The combination of fluctuating hormones, body image issues, and ever lowering self-esteem pulled me into sinking bouts of depression. When I felt myself falling into that deep sadness at inconvenient times, I took to cutting my wrists and abdomen, causing just enough pain to beam me up from the dark well of my mind, and back to the present moment. I wore funky wristbands to cover the scars, and fantasized about suicide daily because it was easier than imagining myself as a valued adult. I couldn’t see my place in the world.

I was lucky though, and time brought progress before I landed on an end-of-life plan. Something had been happening very slowly, and I gradually started to see reflections of myself in the world around me: Charlie’s Angels let me be part of a group Halloween costume for the first time (the ultimate teenage acceptance!). That same year, my family piled into the theater to watch Crouching Tiger, Hidden Dragon. My senior year saw reality T.V. victories back to back: Dat Phan won Last Comic Standing, and Harlemm Lee won Fame. Arms outstretched, I fell to my knees and declared to my mom, “The world is changing!” and we squealed, giddy with excitement.

My world was changing: I was heading to college.

On campus, I saw a strange new sight — groups of Asian students hanging out with each other! I was hesitant at first, wanting to disassociate. I didn’t want non-Asians to see me as part of a group that I didn’t relate to. I didn’t want to be seen as Asian because I didn’t know what it meant.

I was forgetting what my face looked like though. It got me invited to Asian cultural events and Asian associations. It got me asked out by boys who liked Asian girls. People would see me as Asian whether I felt Asian or not, so I better learn what it meant.

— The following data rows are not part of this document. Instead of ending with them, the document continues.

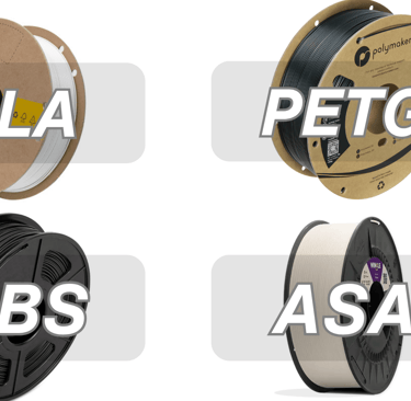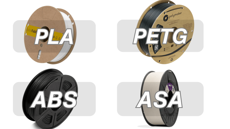 We use a variety of materials including PLA, PETG, ABS, and ASA in many colors for durability.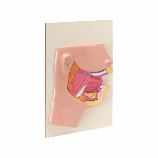 This detailed anatomical model of the human mouth showcases key structures, including the parotid salivary gland, parotid duct, masseter muscle, submandibular salivary gland, tongue, and teeth.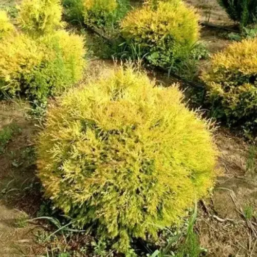 Туя западная Глобоза Ауреа – популярный вечнозеленый кустарник, имеющий сферическую форму кроны. Растение обладает густой чешуйчатой хвоей, которая меняет цвет в зависимости от сезона. От зеленовато-желтого цвета летом, до бурого – зимой.

I let my guard down, and through new friends, was introduced to anime, Bhangra parties, Hong Kong cinema, Japanese pop, and Korean drama. I kissed my first Asian boyfriend. I even came close to joining an Asian sorority. I was so mesmerized by seeing a group of hot, sassy, Asian girls though that I went through the rush process just to get a closer look.

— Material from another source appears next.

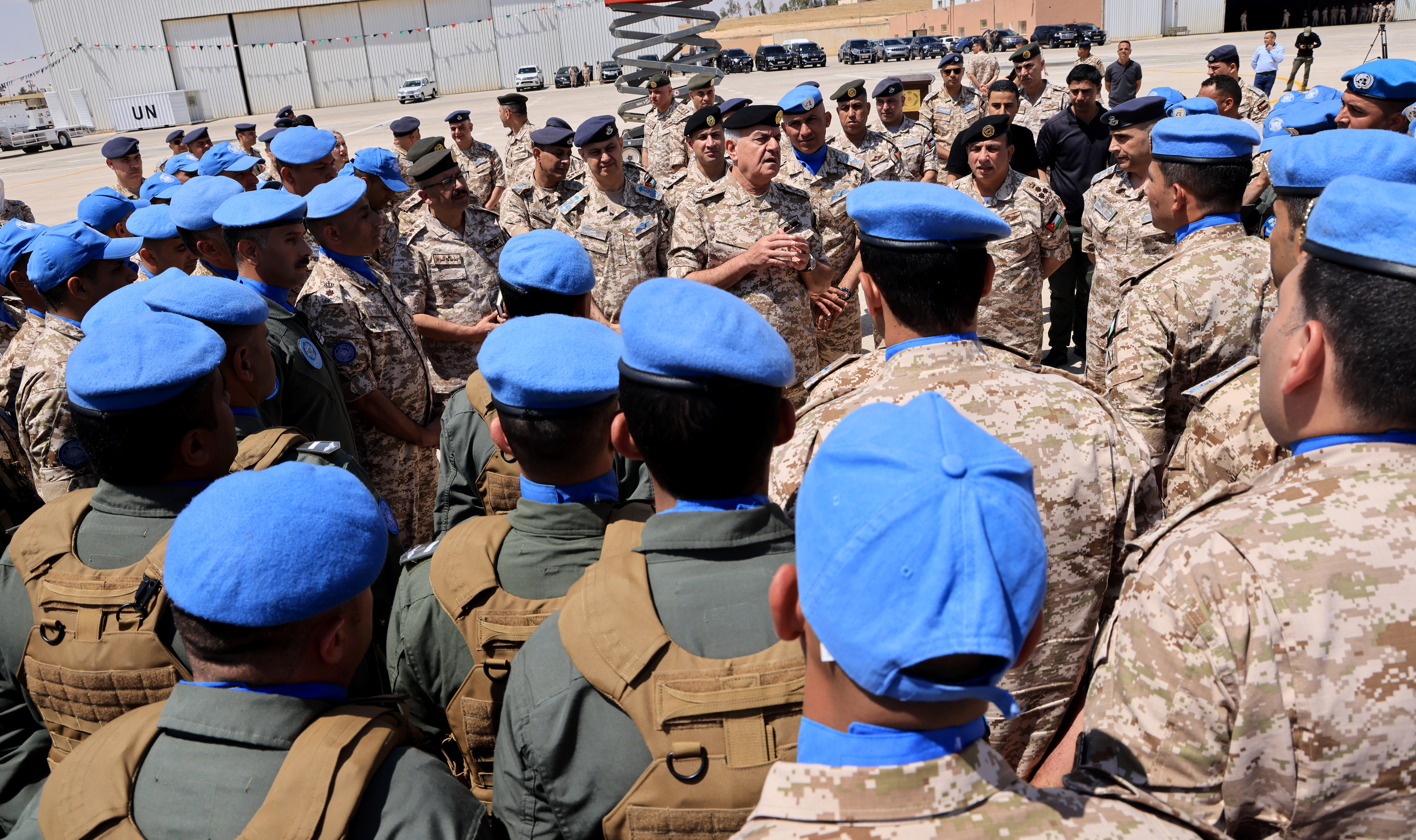 ودّع رئيس هيئة الأركان المشتركة اللواء الركن يوسف أحمد الحنيطي، الثلاثاء، في قاعدة الملك عبد الله الثاني الجوية، وحدة الطائرات العامودية الأردنية الكونغو/1، للمشاركة في مهام قوات حفظ السلام الدولية في جمهورية الكونغو الديمقراطية، بحضور عدد من كبار ضباط القوات المسلحة الأردنية ــ الجيش العربي.

By seeing more Asians in entertainment and in the world around me, I no longer was desperately looking for myself in one token given to me every few years. I saw role models, anti-heroes, inspirations, and embarrassments. I saw a more complete picture that made me feel more complete.

When young people look for themselves in entertainment, they’re not thinking about network ratings or racial inequality. They’re simply seeking a sign of acceptance. That who they are is someone worth aspiring to be.

I’m many years past being an impressionable 9-year-old, but self-worth is an ongoing process. I still feel inadequate when I look at Victoria’s Secret models. I still know we have a long way to go in terms of creating a more inclusive society that values more than one type of person. I was one of the lucky ones and started to see myself reflected around me. But what about the Christian transgender kid living in Ohio, or the Muslim girl in Phoenix who dreams of being in politics?

There are so many ways to be human: so many combinations of ethnicities, cultures, sexual identities, body types, professions, income levels, religions, beliefs. So let’s stop finding excuses to only celebrate the stories of wealthy white heterosexual men. For all of us who have looked for ourselves onscreen or in print and not found enough, let’s lend our stories to the cause. Let’s make a world where every nine-year-old can picture herself as a grownup who is valued and worthy. Let’s not rest until we are all reflected.